Chemotherapy may affect the immune system’s ability to attack tumors in patients with pancreatic ductal adenocarcinoma, according to a new study published by Werba et al in Nature Communications.
Background
Pancreatic ductal adenocarcinoma is hard to detect and treat, with a 5-year survival rate of only 12%. A strong immune response in the tumor microenvironment is often critical to shrinking pancreatic tumors.
To spare normal cells, the immune system uses checkpoint molecules like PD-1 on T-cell surfaces to turn off their attack when they receive the right signals. The immune system also recognizes tumors as abnormal, but cancer cells can hijack checkpoints to turn off immune responses. A prominent type of immunotherapy seeks to shut down these checkpoints, thereby making cancer cells visible again to the immune system.
Blocking these off signals—specifically PD-1—is the goal of current immunotherapies designed to fight many cancers, but these agents have so far proven unsuccessful against pancreatic ductal adenocarcinoma.
Study Methods and Results
In the new study, researchers analyzed more than 139,000 tumor cells collected from 27 patients with pancreatic ductal adenocarcinoma—and found a threefold decrease in the production of certain inhibitory checkpoint molecules when comparing 11 patients prior to chemotherapy to 6 others after chemotherapy.

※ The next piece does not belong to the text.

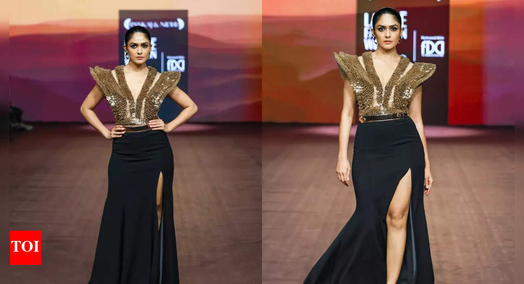 At Lakmé Fashion Week x FDCI, the runway transformed into an otherworldly empire of strength, sensuality, and futurism, thanks to the visionary design duo Pankaj & Nidhi and their latest collection, Araquis. Imagined as a realm ruled by warrior sovereigns, the collection redefined eveningwear with sculptural silhouettes, metallic accents, and commanding grace. However, the moment that truly electrified the evening came when Mrunal Thakur closed the show in a look that was nothing short of iconic.With every step, Mrunal did not just walk the ramp. She owned it. Dressed in a sculpted golden bodice that shimmered like molten armor under the lights, she embodied the spirit of Araquis – part goddess, part gladiator. The bodice featured metallic textures and architectural shoulders that radiated celestial power. Paired with a sleek black skirt and a daring thigh-high slit, the ensemble introduced fluidity and fire. It was a look that balanced strength with sensuality and beauty with boldness, and Mrunal brought it to life effortlessly.

The findings further showed that a second checkpoint—TIGIT—was the most common inhibitory checkpoint molecule in pancreatic ductal adenocarcinoma and was 18 times more available for therapeutic targeting than PD-1 prior to chemotherapy; however, TIGIT was just five times more available after chemotherapy. The researchers indicated that these findings may warrant further studies examining whether immunotherapies that inhibit TIGIT are more effective than immunotherapies that target PD-1 in treating patients with pancreatic ductal adenocarcinoma.
“Our study demonstrates how chemotherapy can have profound effects on the cellular landscape of the tumor microenvironment in [patients with] pancreatic ductal adenocarcinoma,” explained co–senior study author Aristotelis Tsirigos, PhD, Professor of Medicine and Pathology at the New York University (NYU) Grossman School of Medicine and Director of the Applied Bioinformatics Laboratories at NYU Langone Health.

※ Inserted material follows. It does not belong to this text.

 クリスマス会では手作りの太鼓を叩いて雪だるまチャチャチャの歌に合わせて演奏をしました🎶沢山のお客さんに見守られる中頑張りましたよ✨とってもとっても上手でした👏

“Importantly, our results suggest that chemotherapy may promote resistance to subsequent immunotherapy in [patients with] pancreatic ductal adenocarcinoma,” stressed co–senior study author Diane Simeone, MD, the Laura and Isaac Perlmutter Professor of Surgery and Professor of Pathology at the NYU Grossman School of Medicine as well as Director of the Pancreatic Cancer Center and Associate Director of Translational Research at the Perlmutter Cancer Center at NYU Langone Health. “Further research is needed to determine if, as a result of this potential resistance, chemotherapy needs to be combined with immunotherapy at the start of treating this stubborn and often deadly form of cancer,” she added.
The researchers noted that additional changes following chemotherapy were seen in the number of other immune cells present, the extent of their interactions with each other, as well as decreases in other cancer-associated immune cells—such as fibroblasts and macrophages—that would encourage cancer growth if left unchecked. However, the precise impacts of these molecular changes on treatment remained unclear.
Conclusions
“As new technologies allow us to see what is happening inside patients at the cellular level, we can start to adjust our evaluations of immunotherapies and possibly how best to use them based on what is actually happening around tumors,” Dr. Tsirigos concluded.

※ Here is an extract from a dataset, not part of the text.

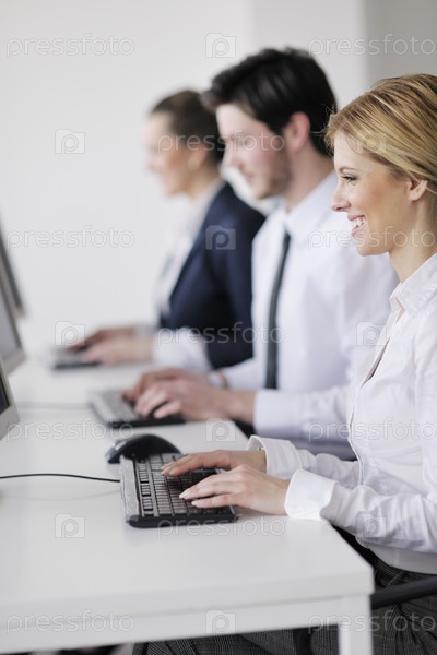 Группа деловых людей, работающих в офисе в службе клиентской поддержки

The researchers reported that additional experiments are currently underway to validate the findings in more patients, and that further research may also be needed to evaluate whether single-cell RNA sequencing of the tumor microenvironment shortly after diagnosis could help guide future treatment decisions.
Disclosure: The research in this study was funded by grants from the National Institutes of Health. For full disclosures of the study authors, visit nature.com.